WHAT TO WORK ON
Word for word, reproduce each line of the data below, omitting every image.

DATA BLOCK

------------------------------

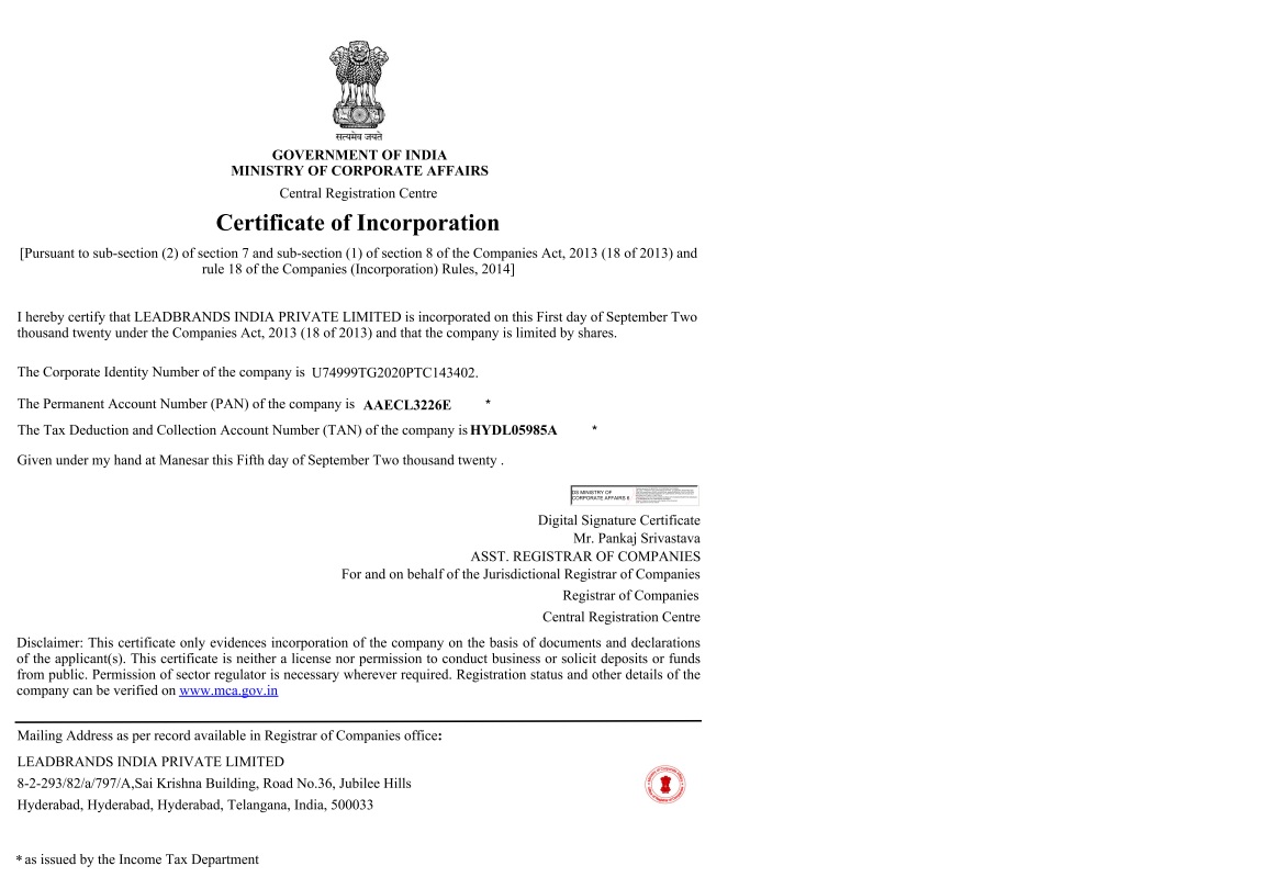 | Company Name | : | Leadbrands India Pvt Ltd |
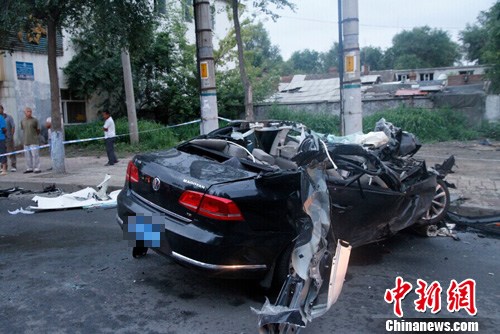 10日凌晨2时50分许,哈尔滨市南岗区清华大街210号路段发生一起轿车追尾货车事故,造成1人当场死亡,1人受伤。目前,事故原因正在进行调查。中新社发 解培华 摄
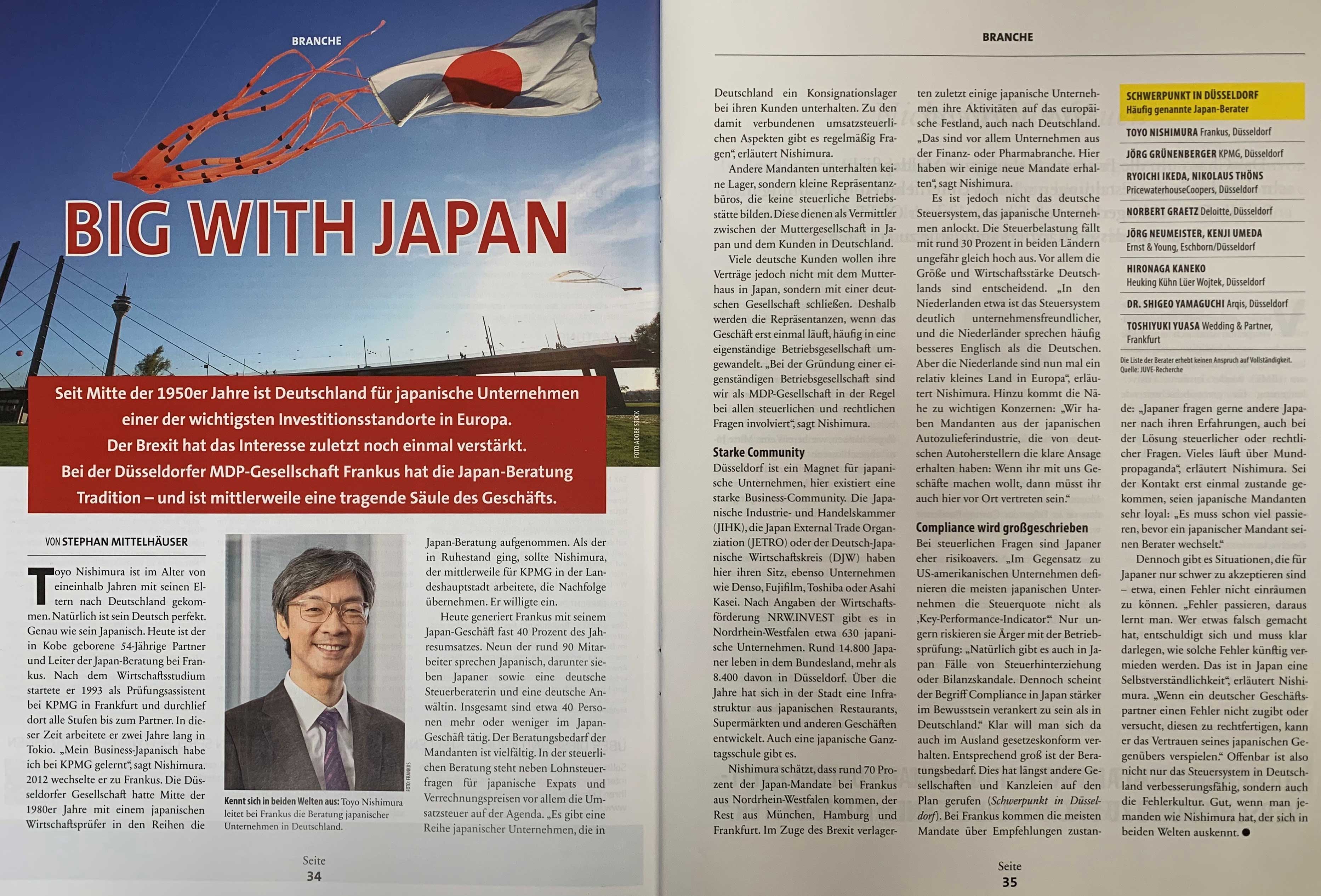 Toyo Nishimura studierte Volkswirtschaftslehre an der J-W-Goethe Universität (Dipl.-Volkswirt) in Frankfurt am Main. Im Jahre 1993 trat er in die Bankenprüfungsabteilung im Bereich der Wirtschaftsprüfung bei KPMG in Frankfurt am Main ein. Im Jahre 2000 erfolgte eine Dienstsitzverlagerung nach Düsseldorf und die Erlangung des deutschen Wirtschaftsprüfertitels. Herr Nishimura befand sich in den Jahren 2005 bis 2007 auf einer Entsendung zur japanischen Schwestergesellschaft von KPMG in Tokio. Nach seiner Rückkehr nach Düsseldorf und der Beförderung zum Partner entschloss er sich im Jahr 2012 zum Eintritt in die Sozietät Frankus als Partner. Herr Nishimura berät in den Bereichen Audit, Tax und Legal vornehmlich japanische Mandanten im internationalen Kontext.

------------------------------

SOLUTION TO THIS TASK
 | Company Name | : | Leadbrands India Pvt Ltd |
 10日凌晨2时50分许,哈尔滨市南岗区清华大街210号路段发生一起轿车追尾货车事故,造成1人当场死亡,1人受伤。目前,事故原因正在进行调查。中新社发 解培华 摄
 Toyo Nishimura studierte Volkswirtschaftslehre an der J-W-Goethe Universität (Dipl.-Volkswirt) in Frankfurt am Main. Im Jahre 1993 trat er in die Bankenprüfungsabteilung im Bereich der Wirtschaftsprüfung bei KPMG in Frankfurt am Main ein. Im Jahre 2000 erfolgte eine Dienstsitzverlagerung nach Düsseldorf und die Erlangung des deutschen Wirtschaftsprüfertitels. Herr Nishimura befand sich in den Jahren 2005 bis 2007 auf einer Entsendung zur japanischen Schwestergesellschaft von KPMG in Tokio. Nach seiner Rückkehr nach Düsseldorf und der Beförderung zum Partner entschloss er sich im Jahr 2012 zum Eintritt in die Sozietät Frankus als Partner. Herr Nishimura berät in den Bereichen Audit, Tax und Legal vornehmlich japanische Mandanten im internationalen Kontext.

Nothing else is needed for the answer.